Lucero glaubt, dass die dauernden Angriffe auf Trump – von den Medien, von Harris und den Gerichten – ihm letztlich geholfen hätten, weil die Unfairness der Demokraten offensichtlich geworden sei. Zudem habe die Widerstandskraft von Trump viele beeindruckt. «Er steckte Schlag um Schlag ein, aber er gab nicht auf und kämpfte jeden Tag weiter. Jeder andere hätte längst aufgegeben.» Dasselbe gelte für die Angriffe gegen Trumps Wähler. Sie seien letztlich kontraproduktiv für die Demokraten. Er hat den Eindruck, von den Linken dauernd beleidigt zu werden. Jetzt werde den Latinos zum Beispiel unterstellt, sie seien Machos, und deshalb hätten sie Harris nicht gewählt. «Wie viele meiner Leute hätte auch ich absolut nichts gegen eine Präsidentin – wenn sie Mut hätte und nicht nur eine Marionette wäre.»
Noch auf einen anderen Grund für Trumps Beliebtheit weist er hin: «Viele Latinos kommen aus sozialistisch oder kommunistisch geführten Staaten wie Kuba, Venezuela oder Honduras.
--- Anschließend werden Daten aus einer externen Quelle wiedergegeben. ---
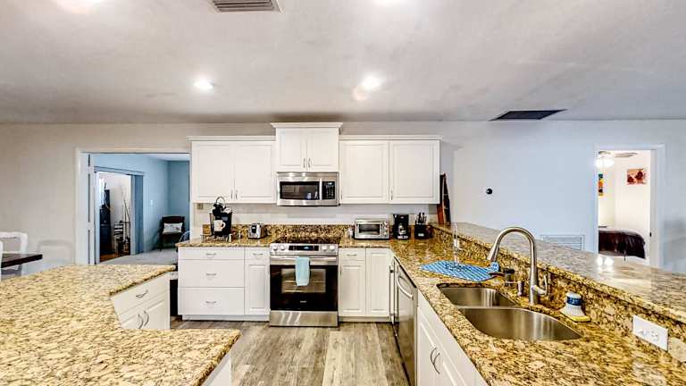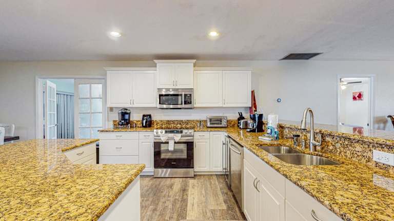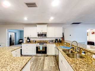 Das Ferienhaus verfügt über 3 Schlafzimmer, ein Wohnzimmer und eine voll ausgestattete Küche mit Kühlschrank und Kaffeemaschine. Des Weiteren sind 3 Badezimmer mit Badewanne oder Dusche und kostenlosen Pflegeprodukten vorhanden. Handtücher und Bettwäsche werden bereitgestellt.

Sie reagieren allergisch auf linke Rezepte, weil sie deren Resultate aus erster Hand kennen.»
Aber abgesehen davon seien die Latinos kein homogener Block. Vielleicht sei es Trumps Erfolgsrezept gewesen, dass er die Leute eben nicht als Latinos, Schwarze, Natives oder Muslime angesprochen habe, sondern einfach als Amerikaner, als Arbeiter oder als Konservative, und sie sich dadurch integriert und ernst genommen gefühlt hätten.